Workflow Orchestration (`workflow_orchestration/`)¶

Primary Workflow¶

# configs/workflow_orchestration/primary_workflow/react_primary.yaml
workflow:
  type: "react"
  max_iterations: 10
  convergence_threshold: 0.95

  steps:
    - name: "thought"
      type: "reasoning"
      required: true

    - name: "action"
      type: "tool_execution"
      required: true

    - name: "observation"
      type: "result_processing"
      required: true

Multi-Agent Systems¶

# configs/workflow_orchestration/multi_agent_systems/default_multi_agent.yaml
multi_agent:
  enabled: true
  max_agents: 5
  communication_protocol: "message_passing"

  agents:
    - role: "coordinator"
      model: "anthropic:claude-sonnet-4-0"
      capabilities: ["planning", "monitoring"]

    - role: "specialist"
      model: "anthropic:claude-sonnet-4-0"
      capabilities: ["analysis", "execution"]

Configuration Composition¶

DeepCritical supports flexible configuration composition:

# Use specific configuration components
uv run deepresearch \
  --config-name=config_with_modes \
  --config-path=configs/bioinformatics \
  --config-path=configs/rag \
  question="Bioinformatics research query"

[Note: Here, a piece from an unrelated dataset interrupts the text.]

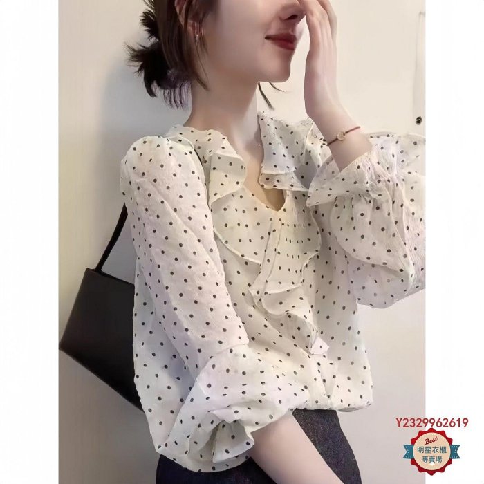 優寶購物《ubao.Tw》特貨品商城,黑貓宅配,取貨付款,明星衣櫃=法式優雅波點雪紡襯衫女2025早秋新款設計感V領氣質荷葉邊上衣潮 | Yahoo拍賣

# Override specific parameters
uv run deepresearch \
  question="Custom question" \
  flows.prime.enabled=true \
  flows.bioinformatics.data_sources.go.year_min=2023 \
  model.temperature=0.8

Environment Variables¶

Many configurations support environment variable substitution:

# In any config file
api_keys:
  anthropic: "${oc.env:ANTHROPIC_API_KEY}"
  openai: "${oc.env:OPENAI_API_KEY}"

database:
  password: "${oc.env:DATABASE_PASSWORD}"
  host: "${oc.env:DATABASE_HOST,localhost}"

Best Practices¶

Start Simple: Begin with basic configurations and add complexity as needed
Use Composition: Leverage Hydra's composition features for reusable components
Environment Variables: Use environment variables for sensitive data
Documentation: Document custom configurations for team use
Validation: Test configurations before production deployment
Version Control: Keep configuration files in version control
Backups: Maintain backups of critical configurations

Troubleshooting¶

Common Configuration Issues¶

Missing Required Parameters:

# Check configuration structure
uv run deepresearch --cfg job

# Validate against schemas
uv run deepresearch --config-name=my_config --cfg job

Environment Variable Issues:

# Check environment variable resolution
export MY_VAR="test_value"
uv run deepresearch hydra.verbose=true question="test"

Configuration Conflicts:

# Check configuration precedence
uv run deepresearch --cfg path

# Use specific config files
uv run deepresearch --config-path=configs/bioinformatics question="test"

For more detailed information about specific configuration areas, see the API Reference and individual flow documentation.